Network Solutions Suspends Site of Anti-Islam Film
h4rm0ny notes the furor over an anti-Islamic movie due to be released on the Web in the next week. After Pakistan disrupted YouTube worldwide over an interview with right-wing Dutch MP and filmmaker Geert Wilders, Network Solutions, acting as host as well as registrar, has suspended Wilders's site promoting the 15-minute film "Fitna" (a Koranic term translated as "strife"). The site now displays a notice that it is under investigation for possible violations of NetSol's acceptable use policy. According to the article the company's guidelines include "a sweeping prohibition against 'objectionable material of any kind or nature.'" The article describes the site's content before NetSol pulled the plug as a single page with the film's title, an image of the Koran, and the words "Coming Soon." No one but Wilders has seen the film to date. The Dutch government has distanced itself from the film, fearing Muslim backlash. A million Muslims live in The Netherlands. Wilders's party, which controls 9 of 150 seats in the Dutch parliament, was elected on an anti-immigration platform.
There is only one question: If no one else volunteers, will SourceForge, Inc volunteer to host the movie for free!
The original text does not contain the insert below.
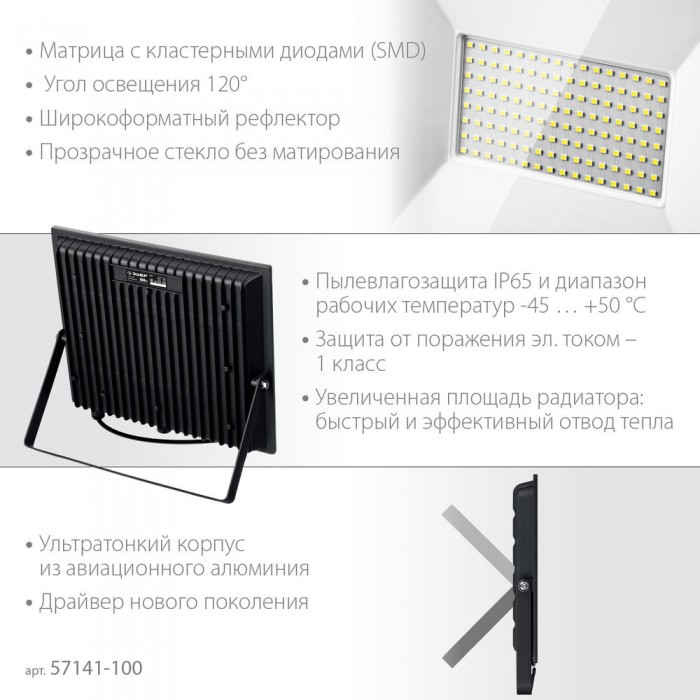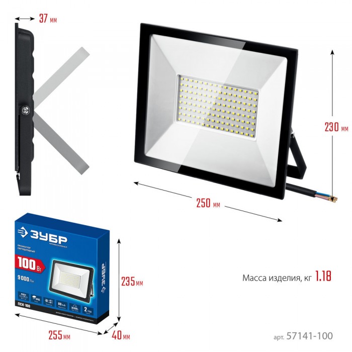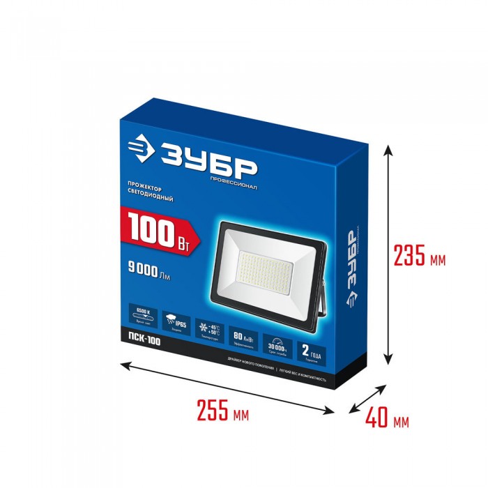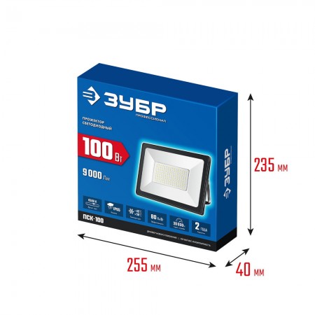 Прожектор светодиодный 100 Вт, 6500 К, IP65 ЗУБР ПСК-100 Профессионал 57141-100

If the answer is no, then Slashdot has no right to an opinion.
Also, let's not forget that Plame was made so "miserable" (to use your adjective) at being "outed" that, in order to avoid more public intrusion into her life, her husband wrote a book about the whole affair
Why shouldn't he? Her career had been destroyed, they might as well make the best of it.
But don't let that get in the way of you screaming, frothing, and vituperating that it's all the fault of some vast right-wing Bush Conspiracy(tm).
Who's talking about a "vast conspiracy"? A member of the Bush administration leaked the name of an undercover CIA operative to press after her husband criticized the administration. None of your waffling is going to change it.